Exercise inputs —

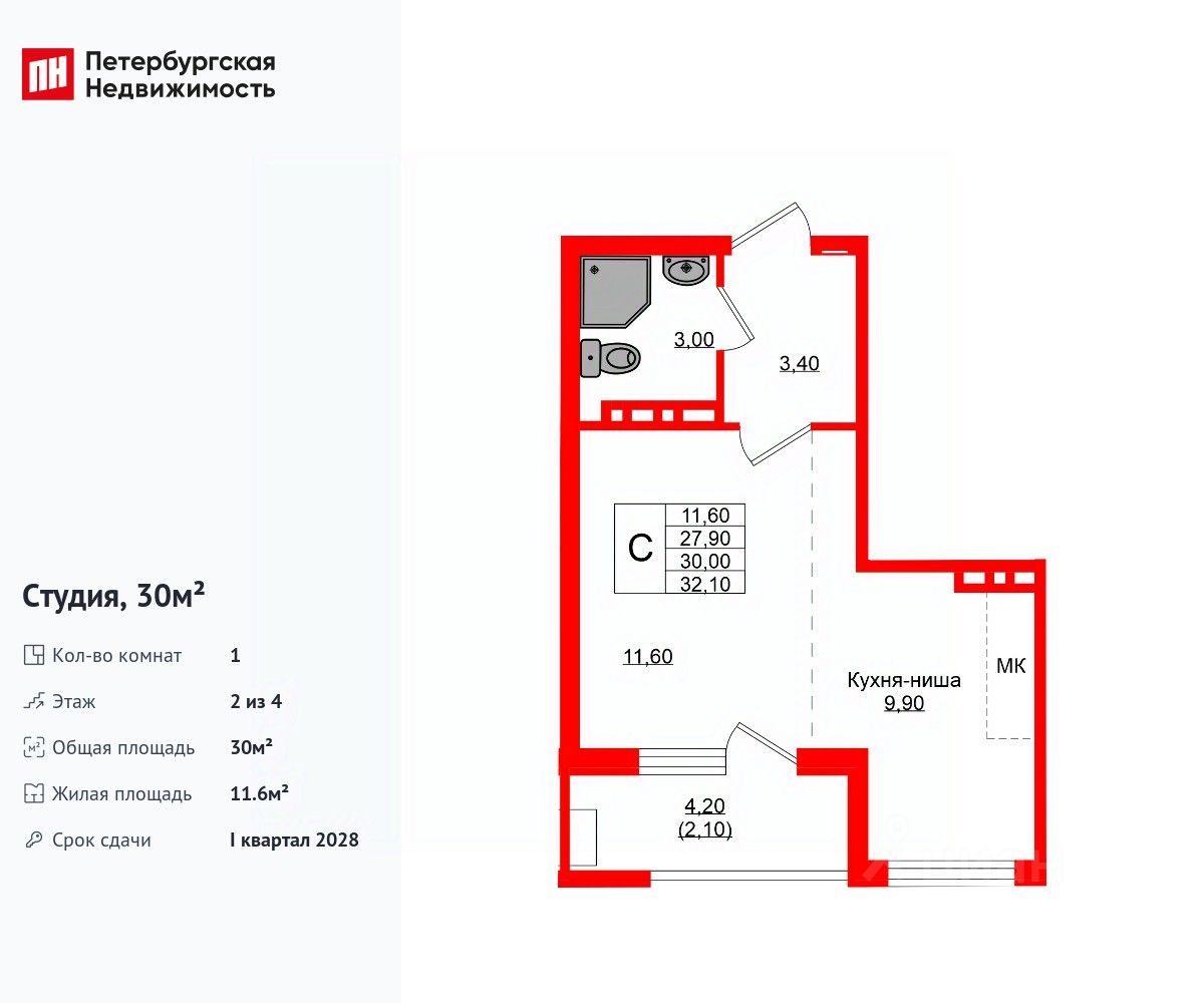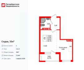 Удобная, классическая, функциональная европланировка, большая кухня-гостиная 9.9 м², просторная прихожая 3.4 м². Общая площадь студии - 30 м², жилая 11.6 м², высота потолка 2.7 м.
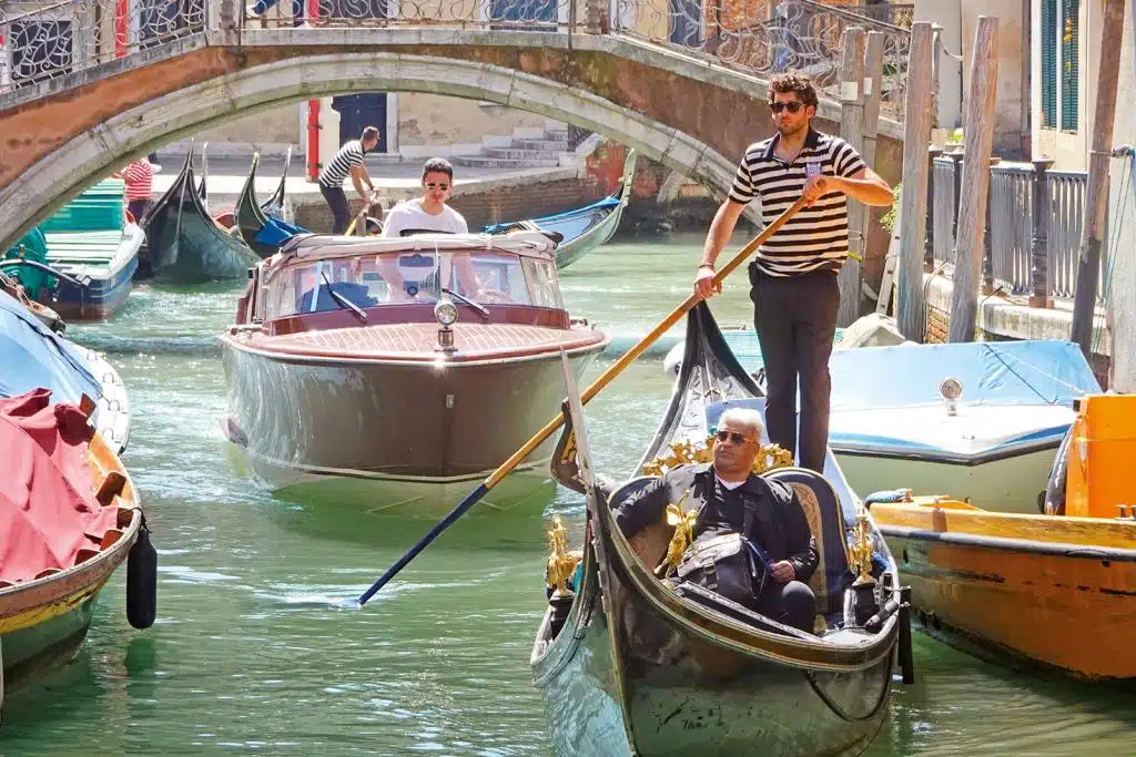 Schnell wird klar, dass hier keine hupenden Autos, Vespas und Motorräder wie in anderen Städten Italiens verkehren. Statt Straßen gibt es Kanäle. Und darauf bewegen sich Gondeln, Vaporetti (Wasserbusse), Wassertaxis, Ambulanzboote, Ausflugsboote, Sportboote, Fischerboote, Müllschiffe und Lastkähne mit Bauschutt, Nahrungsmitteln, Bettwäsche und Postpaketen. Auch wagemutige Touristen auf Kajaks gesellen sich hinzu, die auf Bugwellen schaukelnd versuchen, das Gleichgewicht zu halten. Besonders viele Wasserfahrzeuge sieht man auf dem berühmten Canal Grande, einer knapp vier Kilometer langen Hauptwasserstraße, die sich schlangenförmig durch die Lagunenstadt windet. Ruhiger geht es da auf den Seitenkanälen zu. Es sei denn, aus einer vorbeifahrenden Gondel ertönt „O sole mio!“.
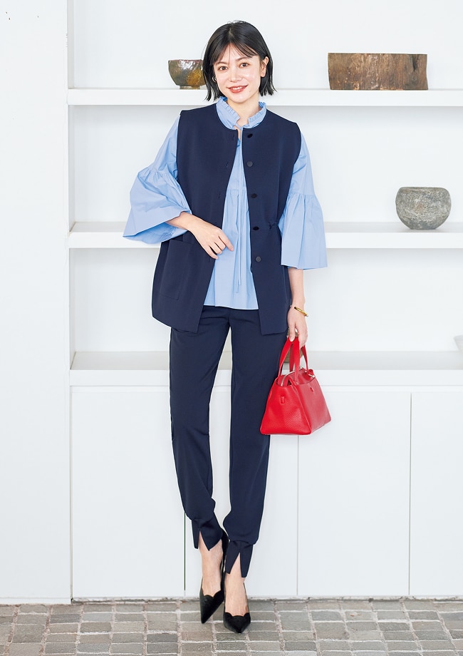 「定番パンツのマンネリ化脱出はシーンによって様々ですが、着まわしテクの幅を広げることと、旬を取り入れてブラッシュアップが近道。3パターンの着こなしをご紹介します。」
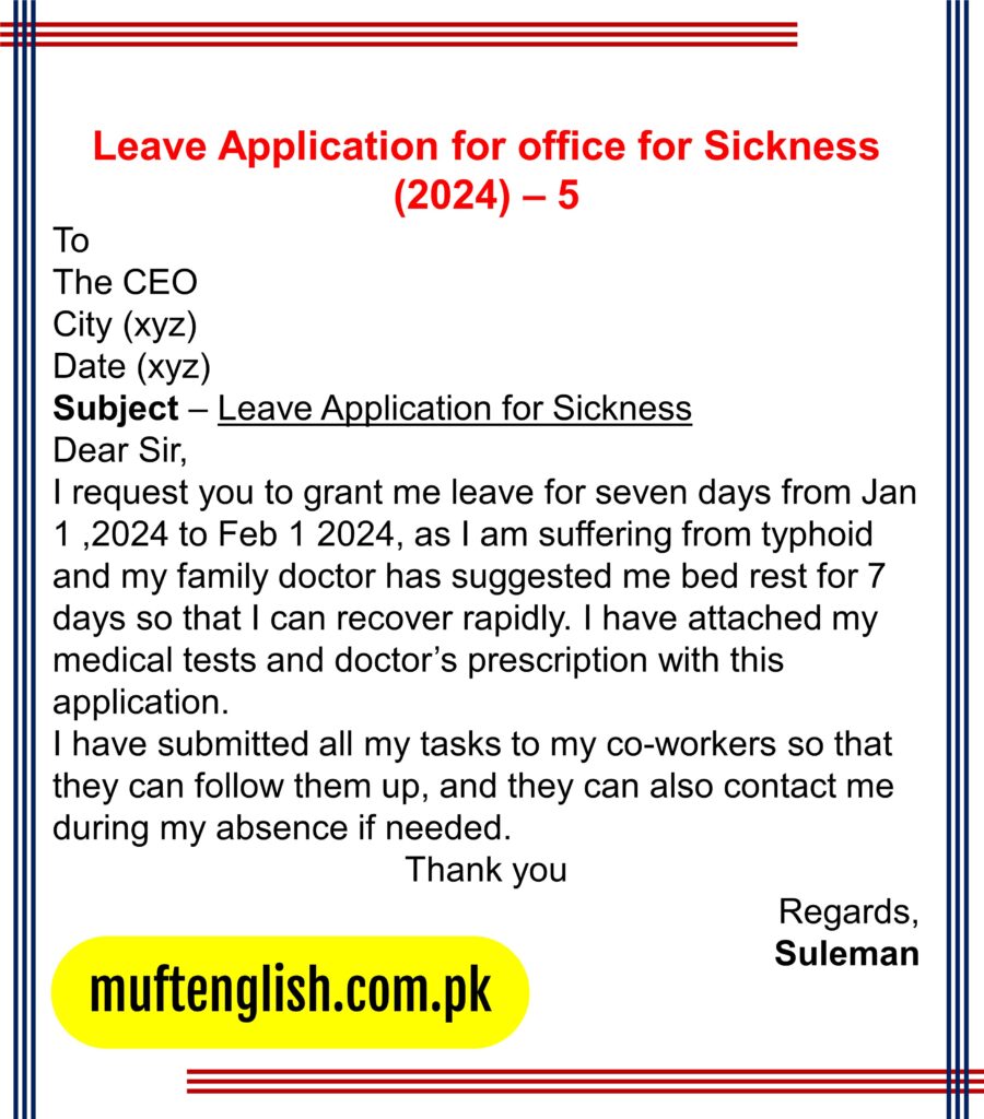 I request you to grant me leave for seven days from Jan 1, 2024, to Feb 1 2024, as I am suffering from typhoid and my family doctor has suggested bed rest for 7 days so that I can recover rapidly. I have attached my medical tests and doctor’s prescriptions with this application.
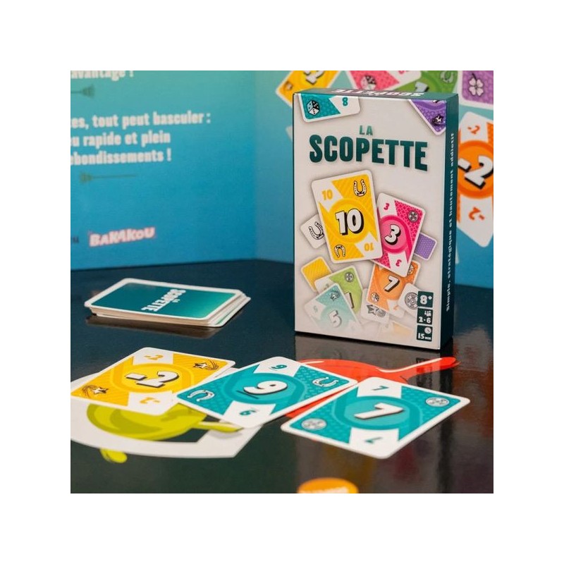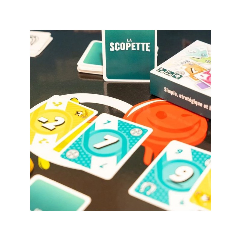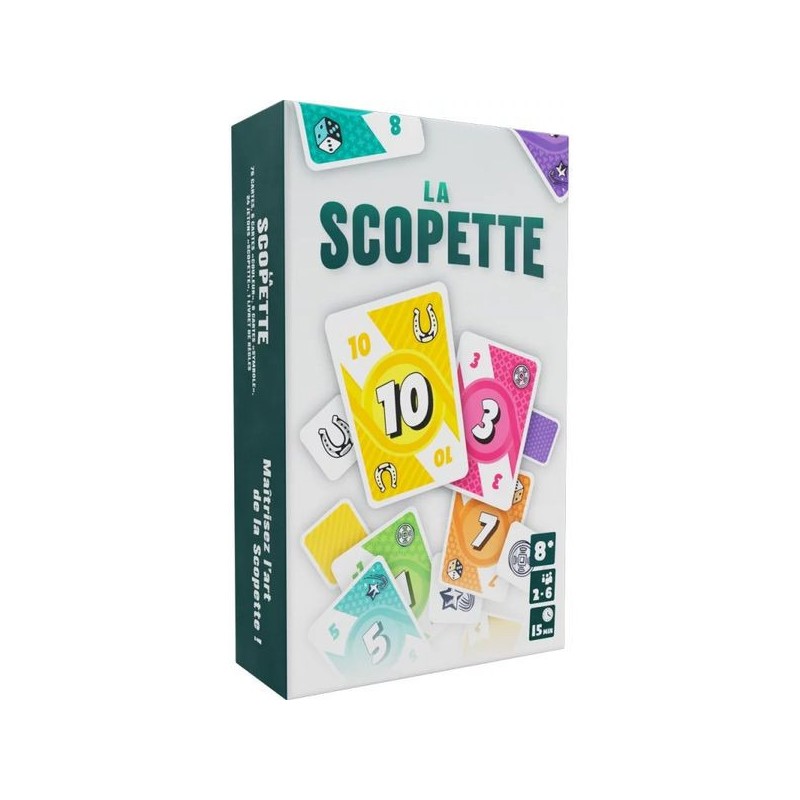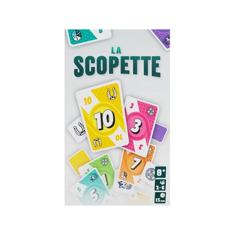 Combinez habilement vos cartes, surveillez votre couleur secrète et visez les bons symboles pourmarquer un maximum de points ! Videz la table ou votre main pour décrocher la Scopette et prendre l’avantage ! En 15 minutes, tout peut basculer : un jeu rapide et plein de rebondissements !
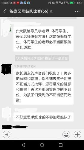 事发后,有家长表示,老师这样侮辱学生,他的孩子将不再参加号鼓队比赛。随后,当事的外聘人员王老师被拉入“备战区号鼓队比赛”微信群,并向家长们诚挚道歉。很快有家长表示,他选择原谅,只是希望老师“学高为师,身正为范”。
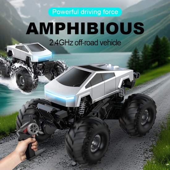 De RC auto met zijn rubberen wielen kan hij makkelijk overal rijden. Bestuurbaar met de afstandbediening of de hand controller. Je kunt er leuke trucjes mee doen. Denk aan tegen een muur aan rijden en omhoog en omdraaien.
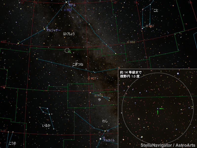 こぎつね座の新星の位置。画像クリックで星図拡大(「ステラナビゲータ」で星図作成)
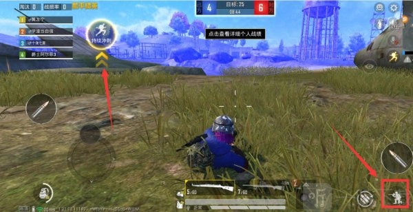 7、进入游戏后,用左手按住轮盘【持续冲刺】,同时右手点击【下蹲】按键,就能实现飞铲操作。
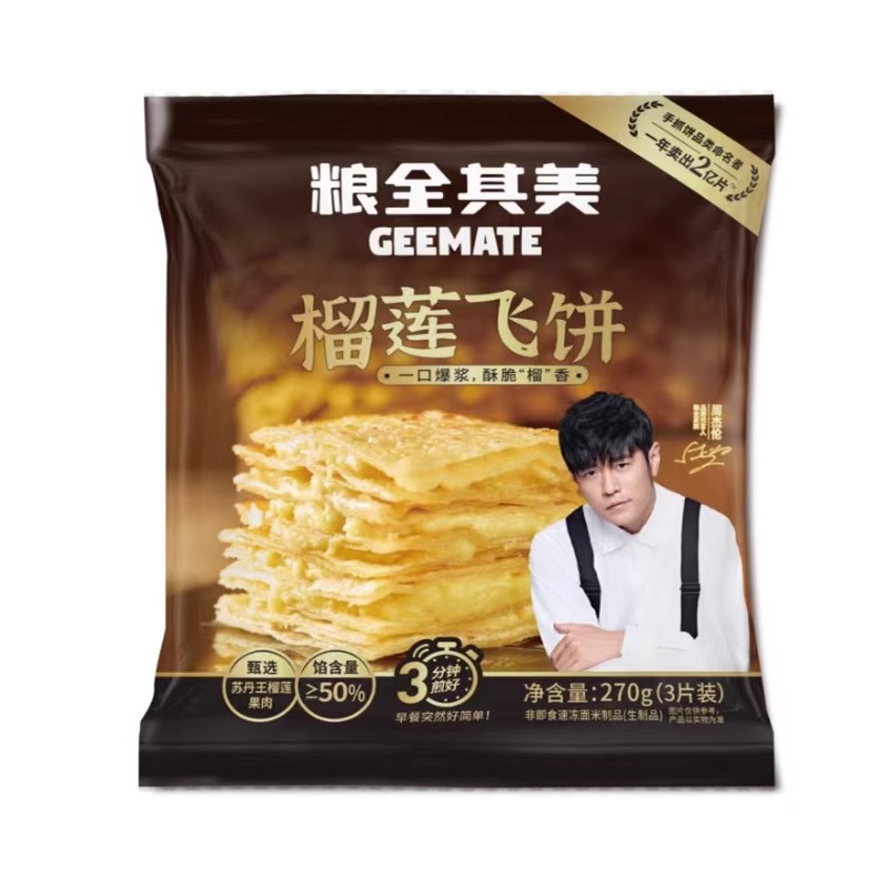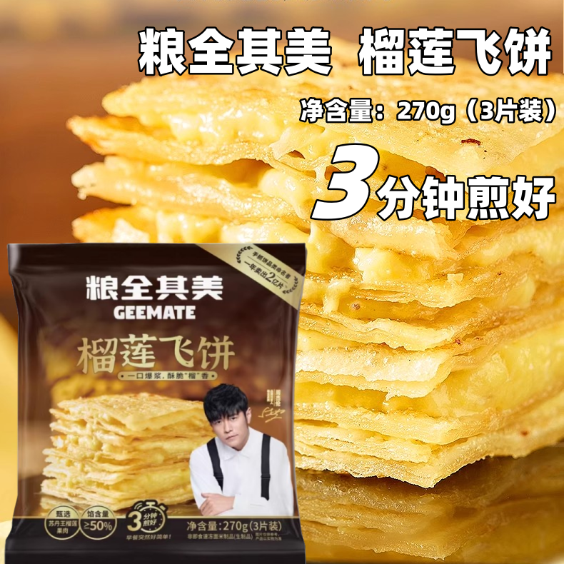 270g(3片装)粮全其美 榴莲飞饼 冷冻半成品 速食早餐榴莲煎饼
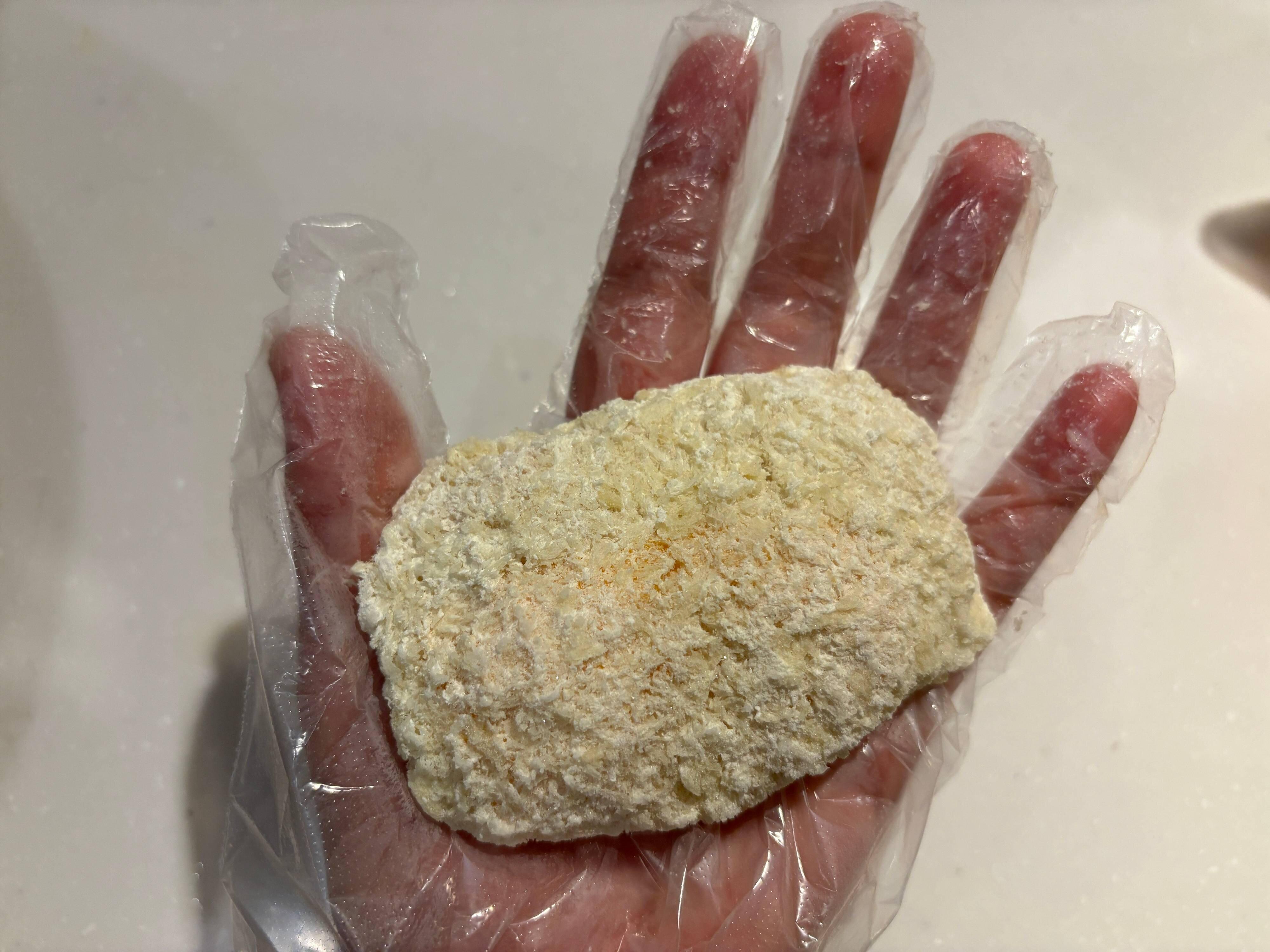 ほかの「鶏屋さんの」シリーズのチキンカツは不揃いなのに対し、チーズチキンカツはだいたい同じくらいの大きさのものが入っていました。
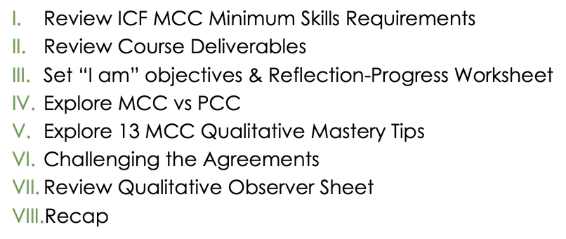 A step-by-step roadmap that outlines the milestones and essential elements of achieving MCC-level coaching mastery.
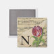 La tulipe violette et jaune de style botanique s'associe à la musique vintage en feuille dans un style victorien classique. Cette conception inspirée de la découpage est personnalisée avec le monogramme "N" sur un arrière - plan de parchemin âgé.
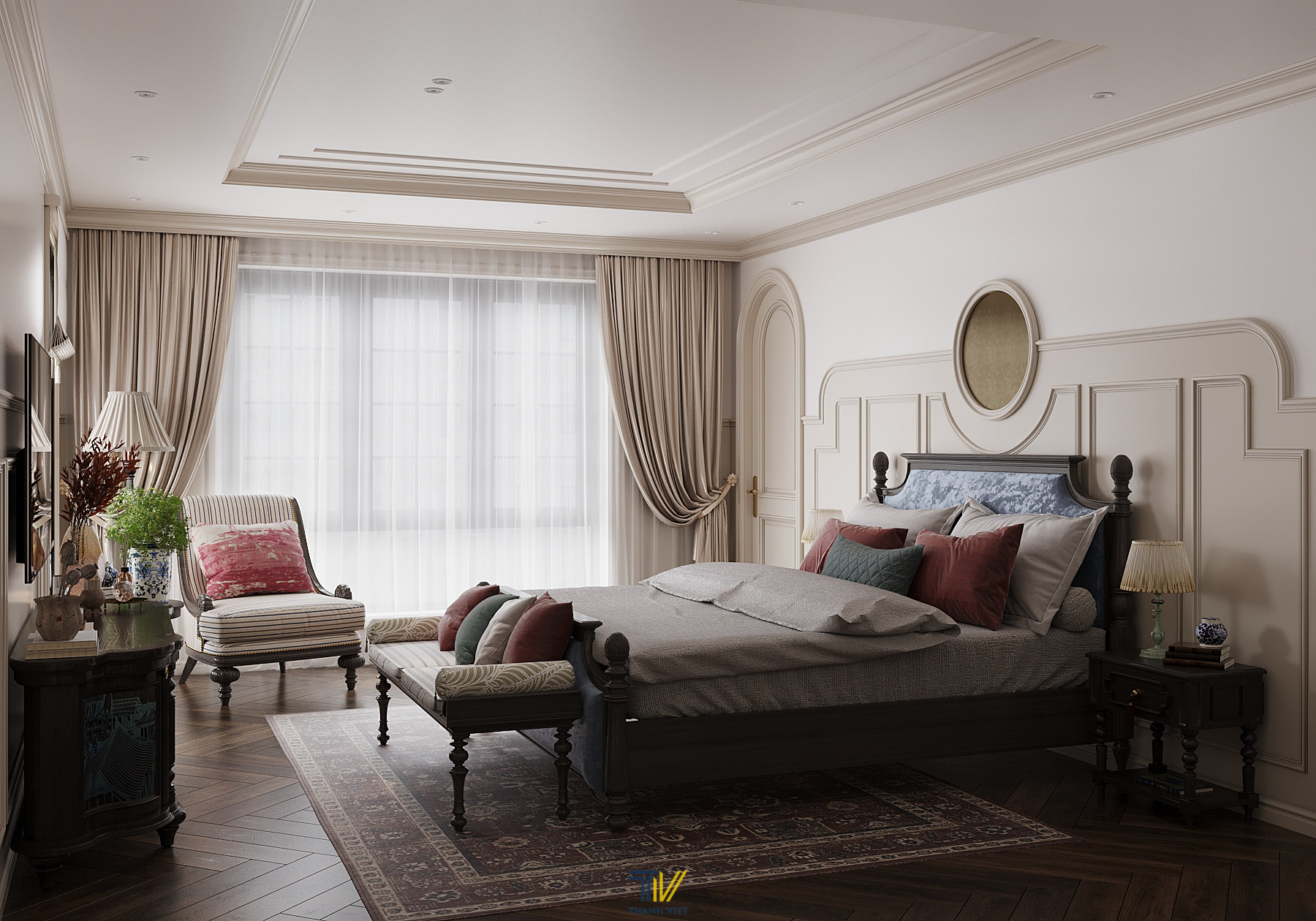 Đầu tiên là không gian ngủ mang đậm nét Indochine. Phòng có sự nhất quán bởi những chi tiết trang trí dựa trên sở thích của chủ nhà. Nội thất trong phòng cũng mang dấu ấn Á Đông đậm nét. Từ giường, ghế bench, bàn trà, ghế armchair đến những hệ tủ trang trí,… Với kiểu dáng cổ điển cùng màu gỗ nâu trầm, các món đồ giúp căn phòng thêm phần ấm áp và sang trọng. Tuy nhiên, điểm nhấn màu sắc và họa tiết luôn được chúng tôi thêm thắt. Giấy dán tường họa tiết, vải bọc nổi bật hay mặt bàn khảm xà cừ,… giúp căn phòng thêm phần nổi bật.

Work order — Pictures are to be omitted; otherwise, every line from the first line of the listing through the line containing "Schnell wird klar, dass" must be reproduced exactly, both ends included.

Exercise response —
 Удобная, классическая, функциональная европланировка, большая кухня-гостиная 9.9 м², просторная прихожая 3.4 м². Общая площадь студии - 30 м², жилая 11.6 м², высота потолка 2.7 м.
 Schnell wird klar, dass hier keine hupenden Autos, Vespas und Motorräder wie in anderen Städten Italiens verkehren. Statt Straßen gibt es Kanäle. Und darauf bewegen sich Gondeln, Vaporetti (Wasserbusse), Wassertaxis, Ambulanzboote, Ausflugsboote, Sportboote, Fischerboote, Müllschiffe und Lastkähne mit Bauschutt, Nahrungsmitteln, Bettwäsche und Postpaketen. Auch wagemutige Touristen auf Kajaks gesellen sich hinzu, die auf Bugwellen schaukelnd versuchen, das Gleichgewicht zu halten. Besonders viele Wasserfahrzeuge sieht man auf dem berühmten Canal Grande, einer knapp vier Kilometer langen Hauptwasserstraße, die sich schlangenförmig durch die Lagunenstadt windet. Ruhiger geht es da auf den Seitenkanälen zu. Es sei denn, aus einer vorbeifahrenden Gondel ertönt „O sole mio!“.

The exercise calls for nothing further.